A federal appeals court on Tuesday rejected a last-ditch bid by a coalition of environmental groups to stop the construction of a natural gas pipeline in northern Pennsylvania's Endless Mountains.
A three-judge panel of the 2nd U.S. Circuit Court of Appeals ruled that federal energy regulators properly approved the 39-mile MARC 1 pipeline through Bradford, Sullivan and Lycoming counties. The decision clears the way for the pipeline to begin moving gas from the Marcellus Shale formation this fall.
"We have contended from the beginning that the MARC I Pipeline would be undertaken with the strongest commitment to environmental and ecological protections," said Bill Moler, an executive with Inergy Midstream LP of Kansas City, Mo.
Some landowners have been fighting the company building the pipeline, contending that Inergy subsidiary Central New York Oil & Gas refused to negotiate in good faith on either monetary compensation or the pipeline's route. The Sierra Club and two local groups challenged a decision by the Federal Energy Regulatory Commission to authorize construction, saying regulators should have performed a more thorough environmental assessment.
The New York-based appeals court said that FERC's analysis of the pipeline's impact on forests and migratory birds was sufficient, and that regulators "reasonably concluded" that broader impacts caused by natural gas development in the Marcellus should not factor into the analysis of the MARC 1 project.
An attorney for the company, William Demarest, said it's highly unlikely either the full circuit court or the U.S. Supreme Court would agree to take on any appeal by the environmental groups.
"This was the final hurdle," he said. "I think the court felt it was appropriate to remove any lingering cloud that might be hanging over the project by making it clear that you are not going to have the rug pulled out from under you."
Earthjustice, an environmental group that represented the plaintiffs, said that while the ruling was a disappointment, "participation in this process made a real difference," noting the company was forced to abide by seasonal construction limits to protect wildlife and take measures to prevent stream damage.

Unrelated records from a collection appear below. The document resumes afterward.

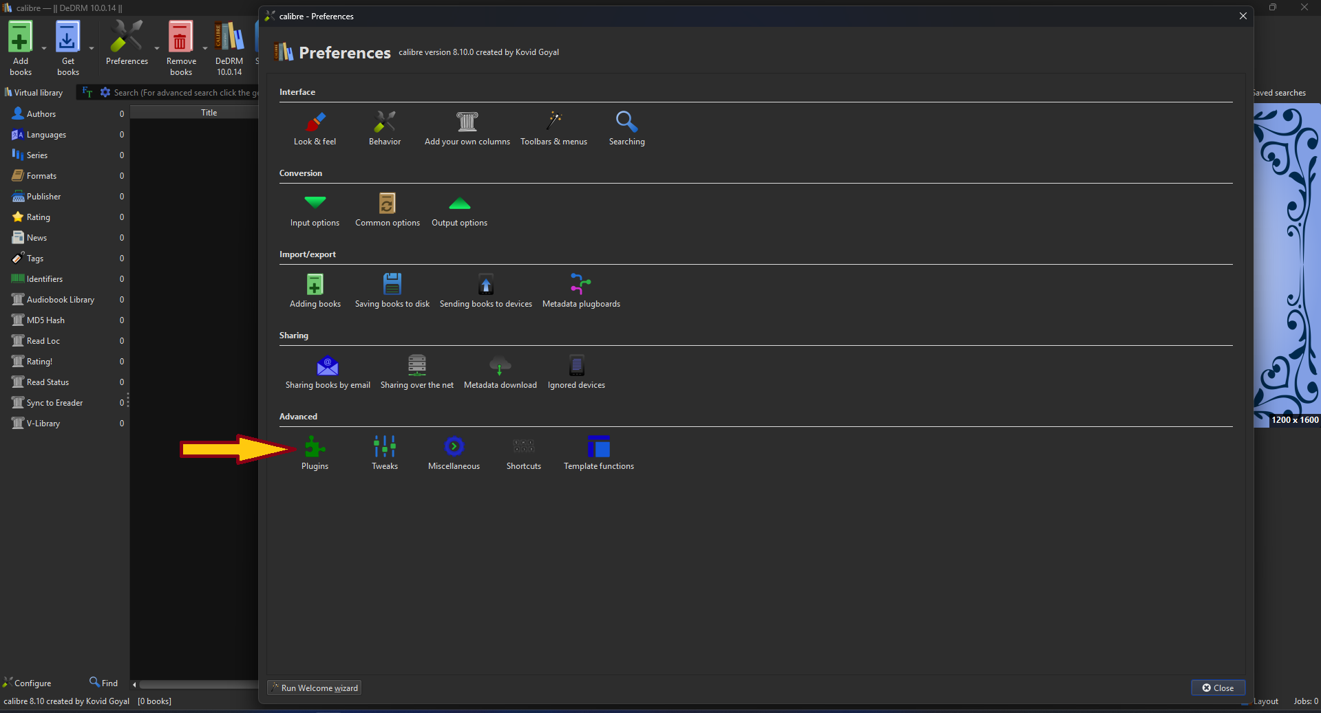 In Calibre, click on the "Preferences" button in the toolbar (highlighted with the red arrow in the screenshot). This will open the Preferences window where we can manage plugins and other settings.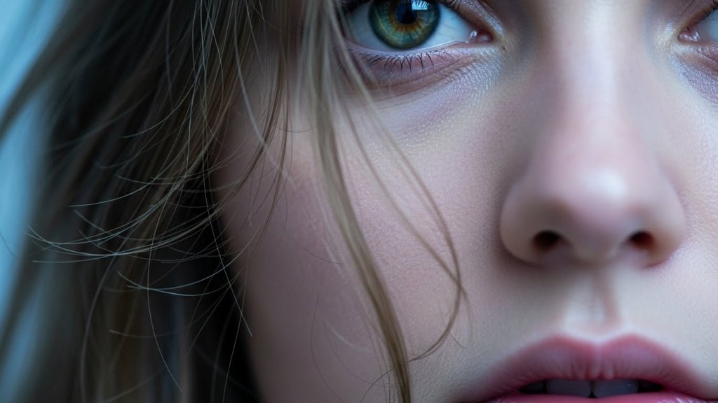 Scroll to read allCreate an extreme close up macro portrait using the reference image as a strict identity source with zero deviation. The composition is left eye dominant, cropped extremely close while keeping the left eye, bridge of the nose, and softly parted lips visible.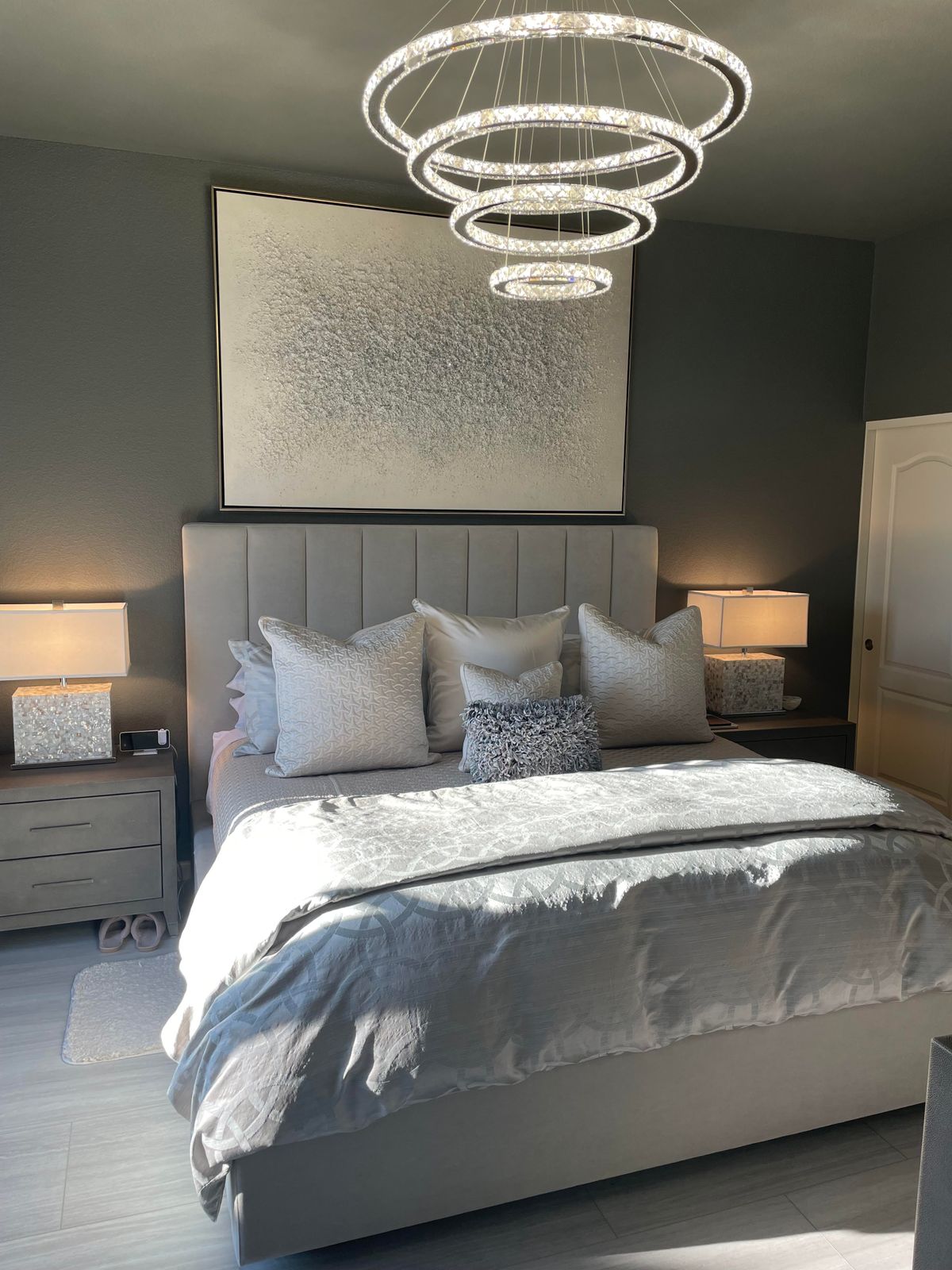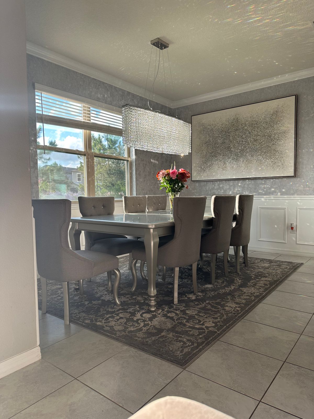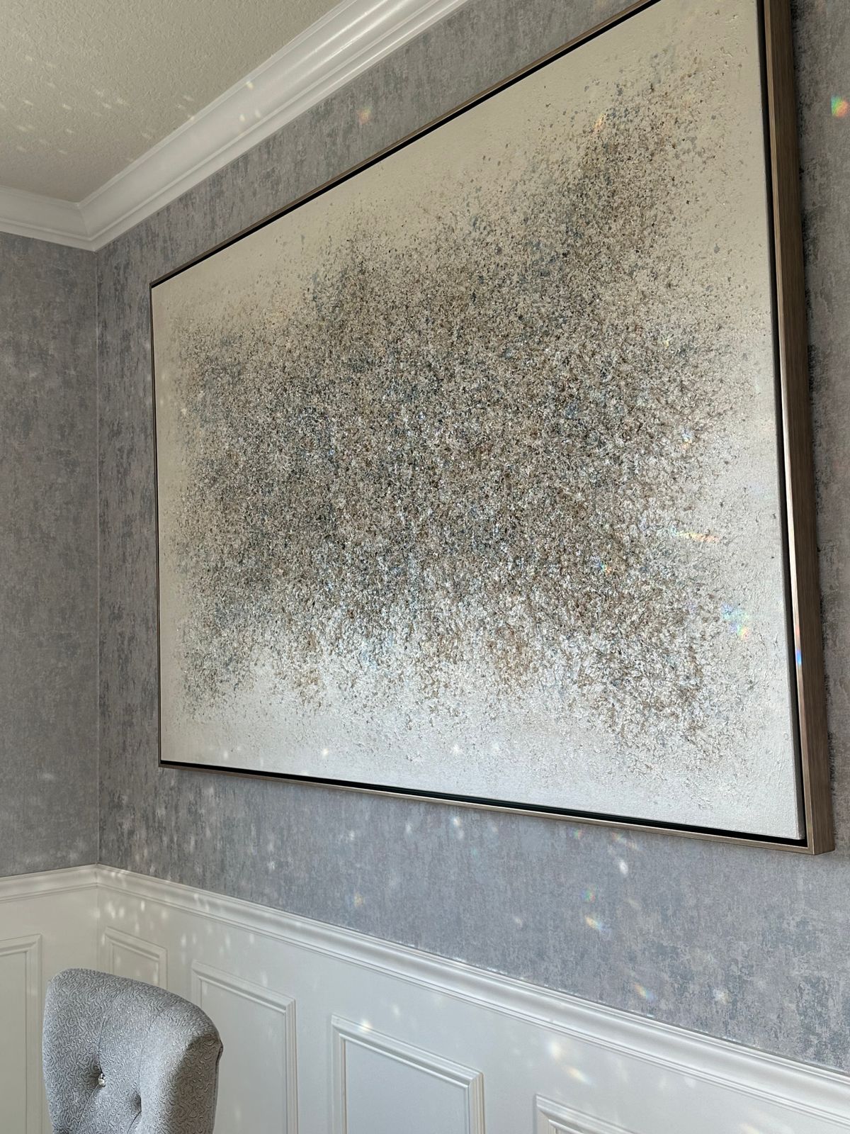 This gorgeous painting is just the right touch to complete the look in our room. It's eye catching and unique without being too much. The detail catches the light from different angles every time you look. Scale of it is perfect to fill a larger space.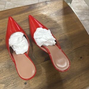 Step into sophistication with Retrofete's red heels, showcasing a sleek pointed toe and a chic kitten heel. Crafted from a smooth material, these shoes embody a minimalist design ideal for both professional and casual occasions. The vibrant red color adds a touch of elegance to any outfit.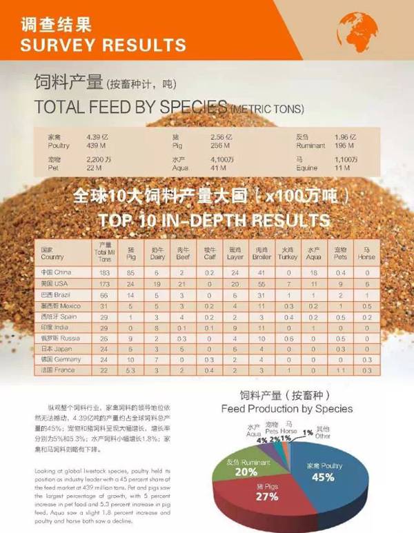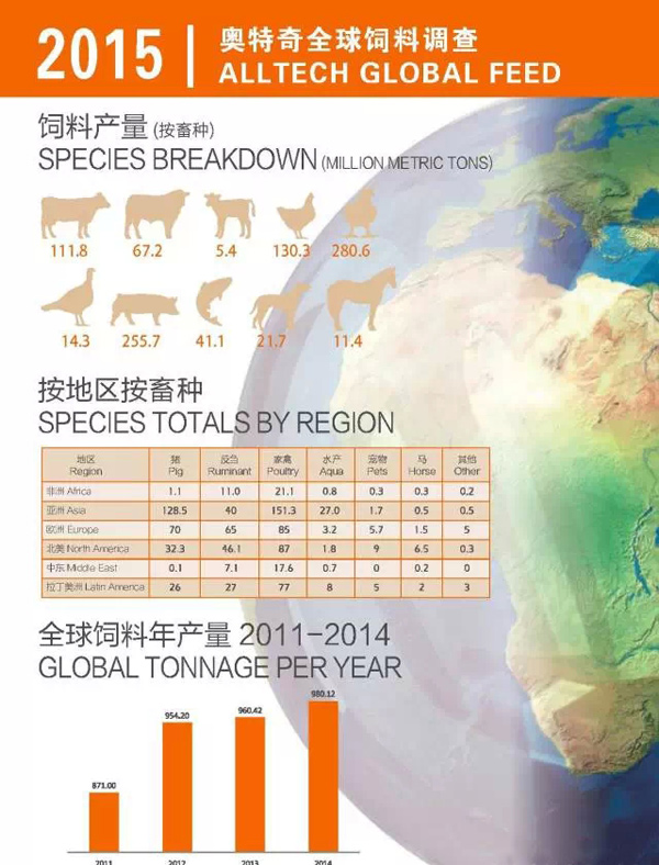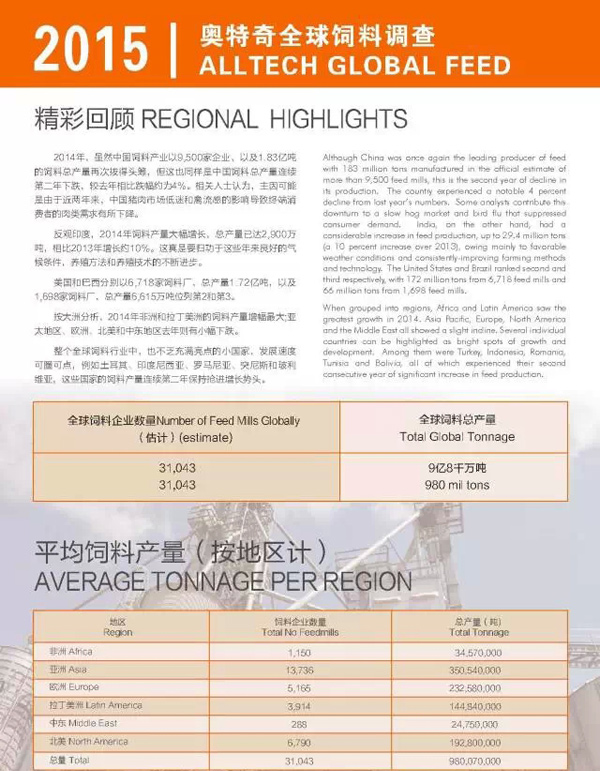 奥特奇于近日发布了2015年全球饲料调查报告。这份珍贵而富有前瞻性的报告为我们提供了探究全球饲料行业的独特视角。同时,这份报告的数据收集,整理和分析也绝非易事。我们会尽可能的从当地饲料协会或机构中获取准确信息,但在世界的很多国家和地区,我们只能依靠奥特奇的全球销售团队去收集第一手的数据。希望我们精心准备的这份报告能够对您有所帮助!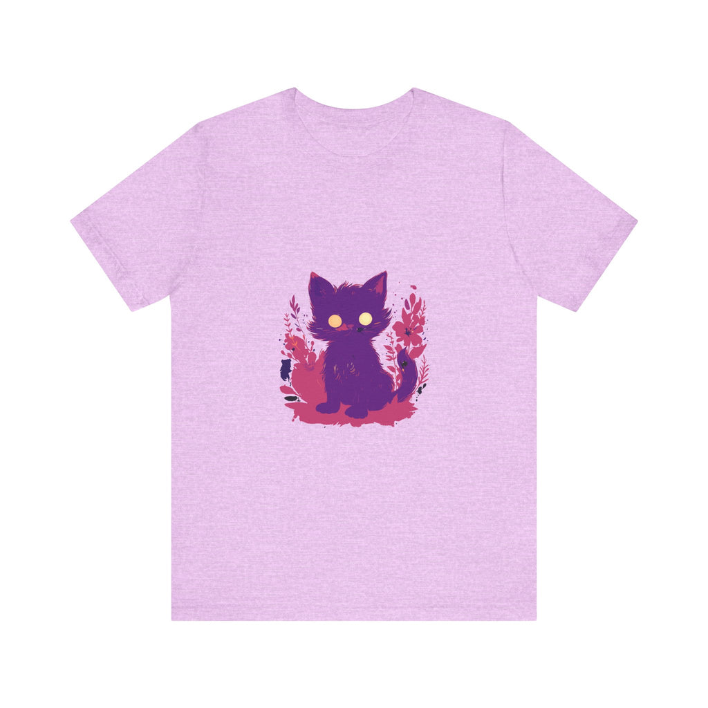 Lasciati avvolgere dal fascino irresistibile di un bizzarro felino viola, circondato da incantevoli elementi floreali. Questo design vivace infonde vitalità al tuo guardaroba, incarnando uno spirito di divertimento e creatività che ogni amante dei gatti adorerà. Che tu stia rilassandoti a casa o fuori con gli amici, questa t-shirt grafica è la tela perfetta per esprimere te stessa.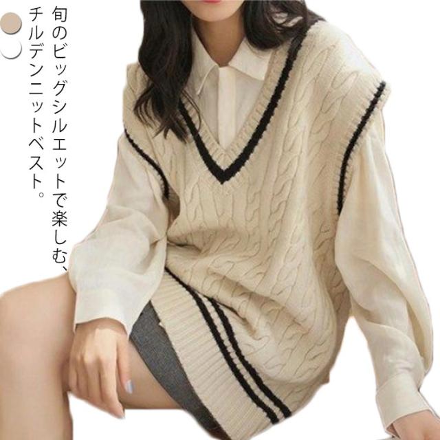 【送料無料】チルデンニットベスト レディース ニットベスト Vネック ライン入り ケーブル編み ニットセーター ノースリーブ トップス プルオーバー 秋服 秋物 オーバーサイズ ゆったり レイヤード 重ね着 おしゃれ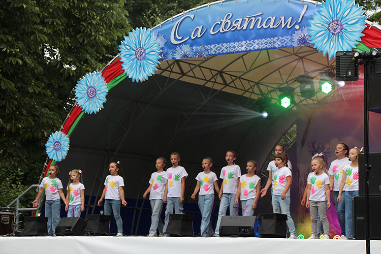 Хорошим их продолжением стали праздничный концерт «Тебе, Беларусь, посвящается!» и концертная программа «Квітней, родная Беларусь!», которые ладились в городском парке культуры и отдыха. Здесь в исполнении творческих коллективов района, детских вокальных групп звучало немало самых разных душевных песен о любви к Родине, о признательности солдатам, которые когда-то отстояли мир на нашей, белорусской земле! О красоте ее полей, лугов, лесов и… людей.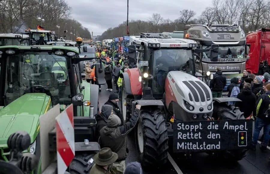 كما يتزايد الغضب في ألمانيا بسبب خطط الإلغاء التدريجي لدعم الوقود الذي تصل قيمته إلى 3000 يورو سنويًا للشركات المتوسطة. ولم يصل الاستياء طويل الأمد إزاء التطبيق غير العادل للسياسات البيئية إلا إلى صب الوقود على النار. ويخرج المزارعون إلى الشوارع منذ ديسمبر. وامتلئت الشوارع بالمركبات الثقيلة.

"Now that pipelines are on the radar screen, our clients and other concerned citizens will be putting the lessons they learned in this case into renewed efforts to minimize the adverse impacts of gas development and infrastructure on public health and the environment," Earthjustice attorney Deborah Goldberg said in a statement.
Central New York promotes the MARC 1 pipeline as key infrastructure in developing the Marcellus, a rock formation underneath Pennsylvania and surrounding states that experts believe holds the nation's largest reservoir of gas. The MARC 1 will connect to major interstate pipelines and the company's own natural gas storage facility in southern New York state.
FERC, which considers all applications for new interstate pipelines, received 22,000 comments on the MARC 1, with many expressing concern about environmental and safety impacts. The Environmental Protection Agency also worried about potential damage to the forest ecosystem, noting the pipeline will cross dozens of pristine waterways in an area popular with hikers, hunters and fishermen.